# foot rest for tree stand



## archeryridge (Jul 8, 2009)

I am trying to think of an easy way to attach something to the platform of a standard flat tree stand to make a foot rest kinda like you get with one of the deluxe stands. I was thinking either rigging something up with some angle iron or maybe something as simple as attaching a 2x4 to the end of the platform. Anyone done anything like this to elevate their feet and make their stands more comfortable? 

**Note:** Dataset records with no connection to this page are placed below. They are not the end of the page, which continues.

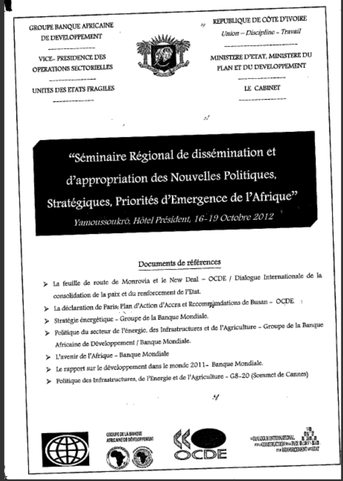 SEMINAIRE REGIONAL DE DISSEMINATION ET D'APPROPIATION DES NOUVELLES POLITIQUES STRATEGIQUES PRIORITES D'EMERGENCE DE L'AFRIQUE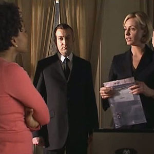 A man working for Mr Saxon warns Francine of the Doctor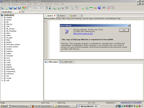 SQLyog MySQL GUI is the most popular MySQL Manager and MySQL Admin Tool, combining the features of MySQL Query Browser, phpMyAdmin and various MySQL Front Ends and MySQL Clients in an intuitive interface. Working with MySQL can sometimes be painful. SQLyog has the ability to take even the most difficult task that takes time and makes them easily.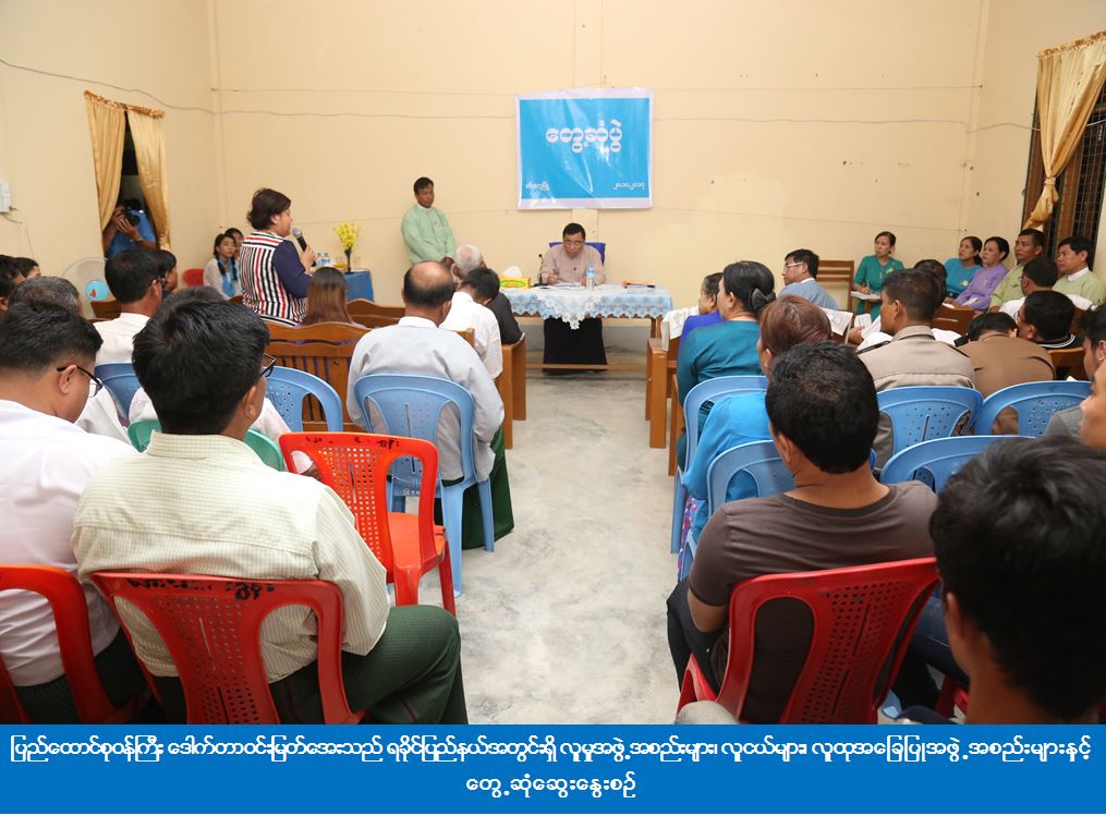 UEHRD စီမံကိန်းနှင့်ပတ်သက်၍ လူမှုဝန်ထမ်း၊ ကယ်ဆယ်ရေးနှင့် ပြန်လည်နေရာချထားရေးဝန်ကြီးဌာန ပြည်ထောင်စုဝန်ကြီး ဒေါက်တာဝင်းမြတ်အေးသည် ရခိုင်ပြည်နယ်လူမှုဝန်ထမ်းရုံး အစည်းအဝေးခန်းမတွင် ရခိုင်ပြည်နယ်အတွင်းရှိ လူမှုအဖွဲ့အစည်းများ၊ လူငယ်များ၊ လူထုအခြေပြု အဖွဲ့အစည်းများနှင့် ၂၈-၁၀-၂၀၁၇ ရက်နေ့ ညနေပိုင်းတွင် တွေ့ဆုံဆွေးနွေးခဲ့ကြပါသည်။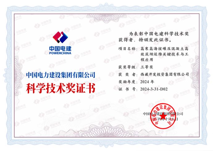 日前,中國(guó)電建集團(tuán)公布了2024年度中國(guó)電建科學(xué)技術(shù)獎(jiǎng)獲獎(jiǎng)項(xiàng)目名單,西藏開(kāi)投集團(tuán)果多水電站創(chuàng)新成果——“高寒高海拔碾壓混凝土高效筑壩關(guān)鍵技術(shù)與工程應(yīng)用”榮獲中國(guó)電建科學(xué)技術(shù)獎(jiǎng)三等獎(jiǎng)。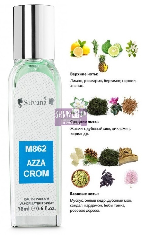 Silvana Azza Crom – относится к семейству цитрусово-ароматической парфюмерии. Он идеально подходит для активных представителей мужского пола, успешных не только в карьере, но и в личной жизни, а также считается недорогой копией селективного парфюма Azzaro Chrome.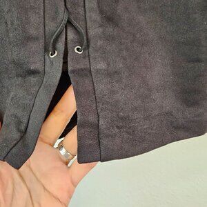 Style and Materials: Short skirt, Black Faux Suede, small front Slit, Polyester. Closure on Back. Hand wash. Comfortable Skirt, Lace up on front details. Fully lined. Y2K, Goth, Wimsigoth, Chic, fanciful, curious, eccentric.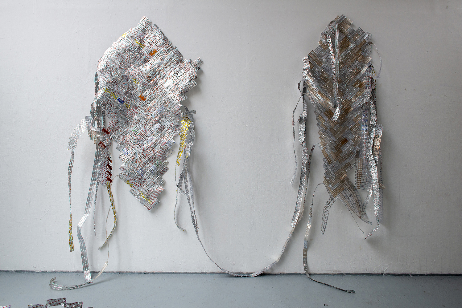 fragments of empty plastic bottles, kitchen foil, glass painting, staples.
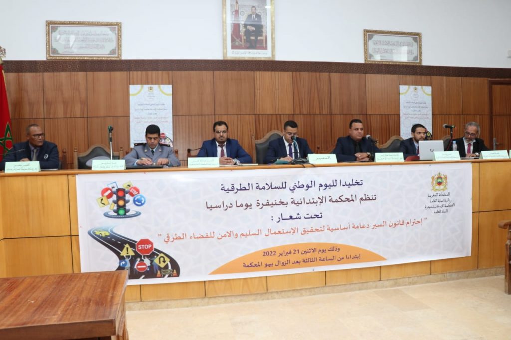 نظمت النيابة العامة بالمحكمة الابتدائية بخنيفرة، اليوم الاثنين، يوما دراسيا بالتزامن مع تخليد اليوم الوطني للسلامة الطرقية ، تحت شعار ” احترام قانون السير دعامة أساسية لتحقيق الاستعمال السليم والآمن للفضاء الطرقي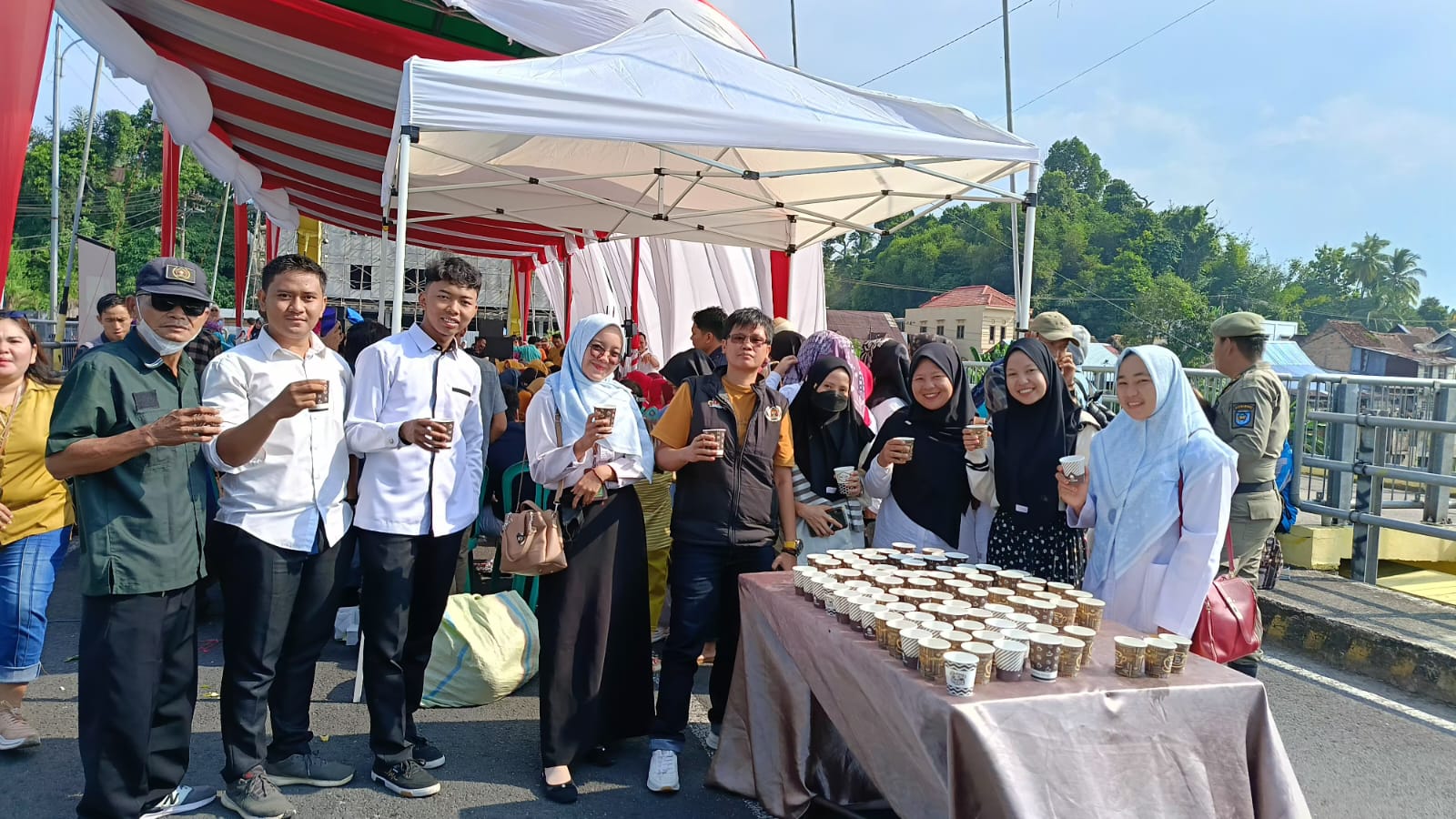 OKU Selatan Sumsel–Sukseskan Program Kamar Dagang dan Industri (Kadin) Provinsi Sumsel dalam rangka pecahkan rekor Muri, Pemda OKU Selatan gelar gerakan minum kopi serentak di pinggir sungai.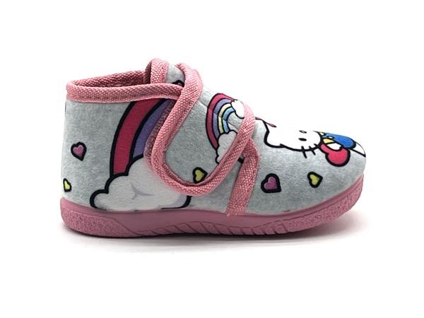 Zapatilla Kitty niñ@ bota velcro gris rosa 19/28 Piso flex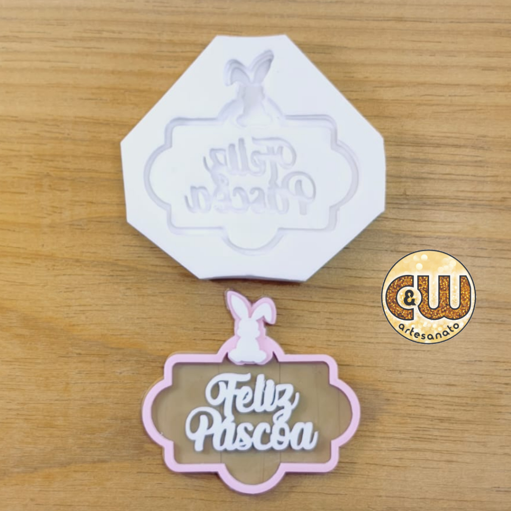 Molde de Silicone Feliz Páscoa / Pascoa / Coelho - Decoração, Confeitaria e Artesanato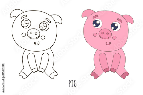 © Svetlana, Naklejka premium Black and white and colored cute pig vector illustration. Coloring page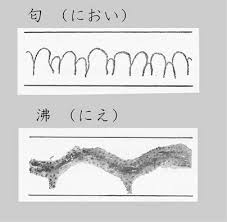 ◇匂深 匂的幅度广,颜色浓白深沉,多见于末备前物。 ◇匂缔 匂的幅度窄,颜色多明亮,多见于兼元。 ◇匂口缔 匂口的线条质感纤细,反射的明亮的光,多见于一文字、长船类。 ◇匂口冴 匂口散发着清冷的光芒,多见于新刀上作。 ◇匂口润(眠) 匂口与地铁混合的绵柔没有强烈的对比度,多见于幕末新新刀期羽山円真。 ◇匂口沉 匂口带有沉淀状层次感,多见于长船清光 关兼常类。 4.刃中动态小结 在鉴赏沸出与匂出的刃文中,会看到游离在刃中或地中的各种细节,我们把这些细节的样式特点做个小结。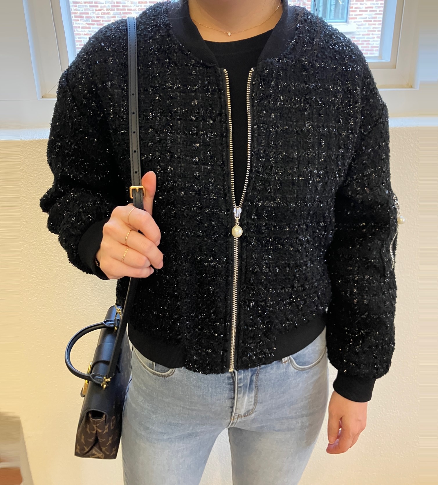 品名:트위드 블루종 항공점퍼 ◎※☞颜色:블랙, 아이보리 ◎※☞尺寸:FREE ◎※☞材质:聚酯 100% 翻译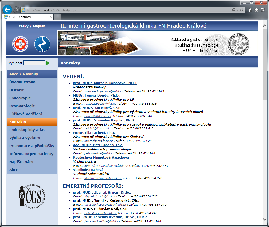 Web pages produced for one of the Hradec Králové University Hospital's departments. Offers comprehensive atlas of unique gastro-enterology findings.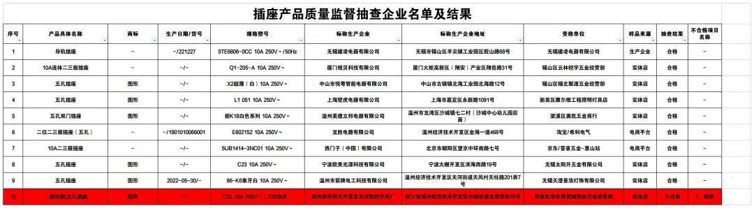 排插是每个家庭都必备的电器设备,其安全性极为重要。一旦发生意外,会给消费者的财产和生命安全带来直接威胁。因此,无锡市市场监督管理局在近期对插座产品进行了监督抽查,具体结果如下。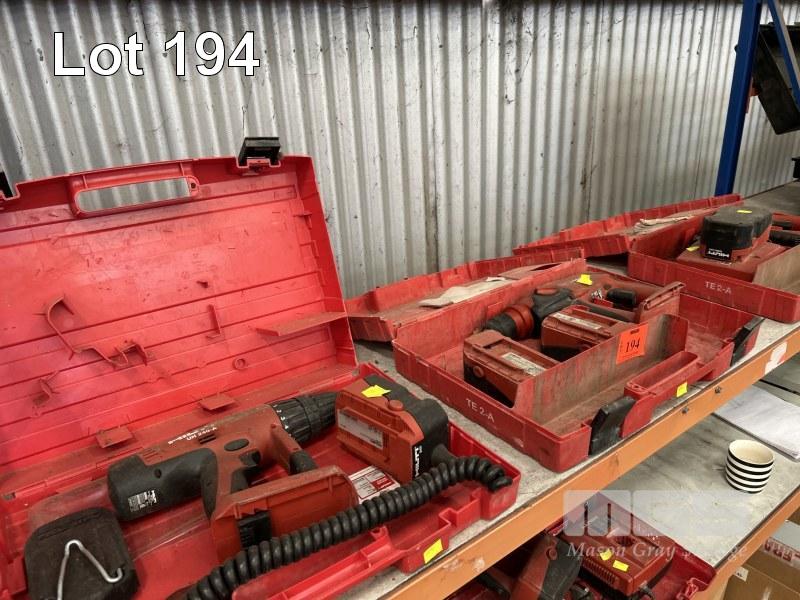 3 x HILTI DRILLS WITH BATTERY & CHARGERS, TEK DRILL MOD: UH240A & 2 x HAMMER DRILLS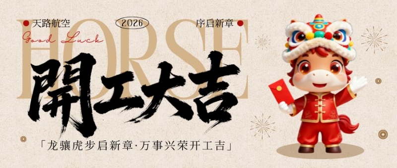 开工大吉,万事顺利!正月初十上午9点30分,天路航空举行2026年开工仪式。新春的喜悦与团圆暖意渐入回忆,我们正式携手踏入了充满希望与挑战的2026年。今天,是我们重新汇聚力量、并肩启程的日子。天路航空在此,谨向全体同仁致以最诚挚的祝福:开工大吉,万事如意!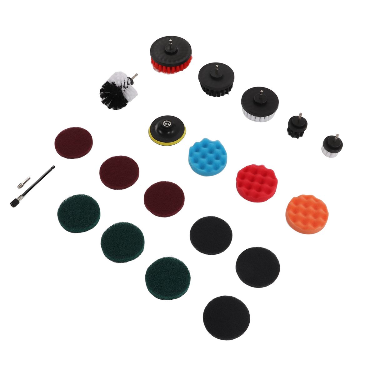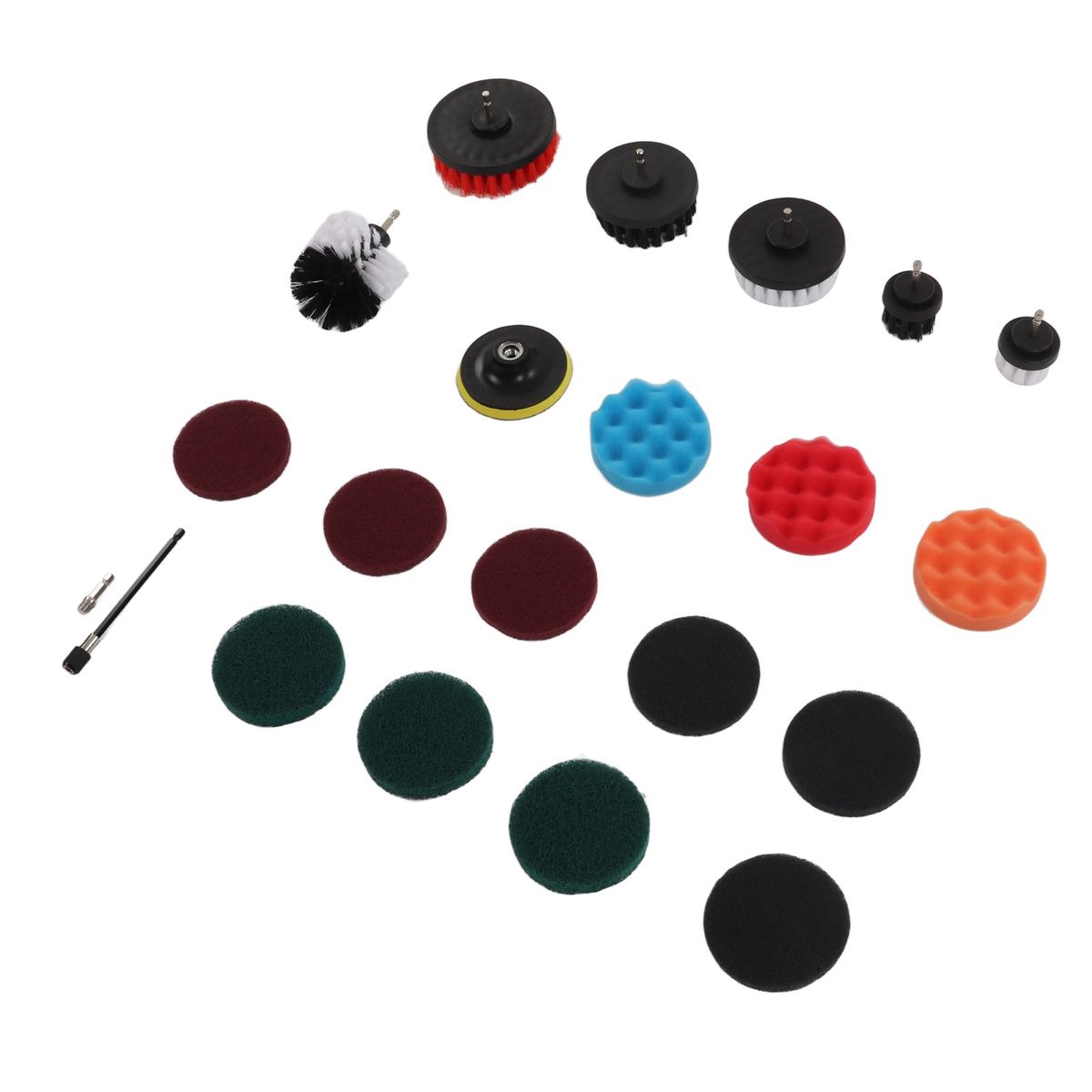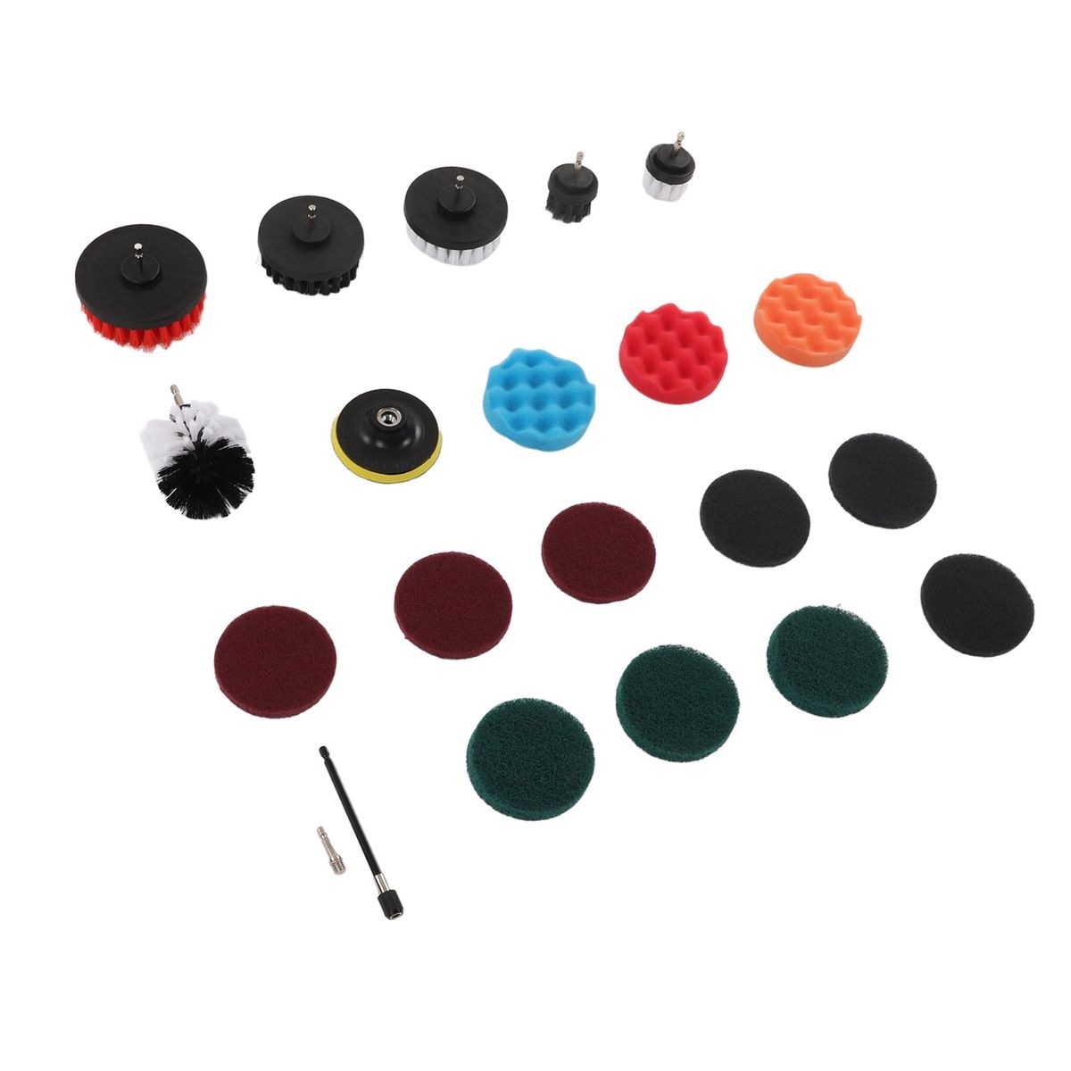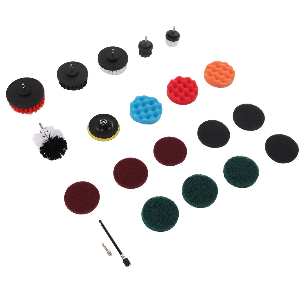 Feature:1. Package Contents: The drill cleaning set includes 6 shaped medium drill power scrubbing brushes, 9 scouring pads of varying hardness, 3 scrubbing sponges and 4in backing and 1 extension rod.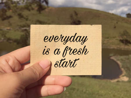 Motivational and inspirational wording - Everyday Is A Fresh Start written on a paper. Blurred styled background.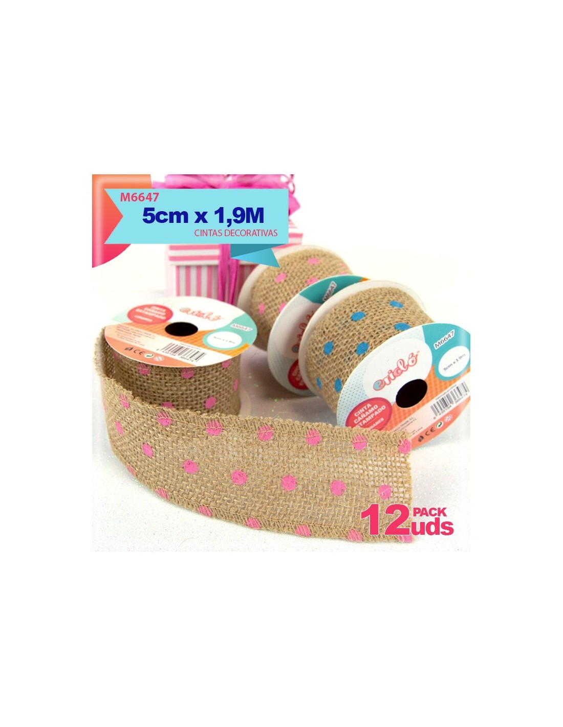 CINTA DE CAÑAMO ESTAMPADO LUNARES 5CM X 1.9M

For example, I have a few of these:










And I want something like this:


----------



## BowBaker1640 (Aug 6, 2010)

get some conduit and a bender and just make one up. conduit is very cheap and if you don't have a bender you maybe borrow one


----------



## boringdad (Oct 29, 2006)

what about 1/2" emt along with 2 small u-bolts. You might have to dimple it a little to get the right angle. Then put some hose wrap covered by camo duct tape


----------



## archeryridge (Jul 8, 2009)

I wish I had a bender. I could make entire stands with one. I guess I'll have to take a trip to the hardware store to see what kind of material they have. Can conduit be bent easy enough if you heat it up and tried to bend it around something round or will it just buckle?


----------



## Joe73 (Oct 18, 2009)

Here's how I do it when I build stands. You could use the same idea but just U-bolt it to the stand. 

Get hold of some light angle iron, an old bed frame would work. Cut 2 lengths about 12-15" inches long. Put one on each side of the stand with about 6 inches on the stand itself. U-bolt them on. Then cut a another piece of angle iron and bolt or weld it across the front of the 2 protruding pieces. So it basically looks like your extending your platform.

Then, even with the front edge of YOUR platform, hacksaw the side (the side hanging down) of the angle iron. Do that on both sides. Then bend up the overhanging part. There's your footrest. All you have to do now is either weld a gusset in the bend angle iron opening or put a small piece of metal across the gap, drill a hole on each end and put small bolts in there. That way the footrest part wont bend down on you. 

Total time with welding, about 20 minutes. Bolting it together just a little longer. Easy and cheap!! Good luck with it.


----------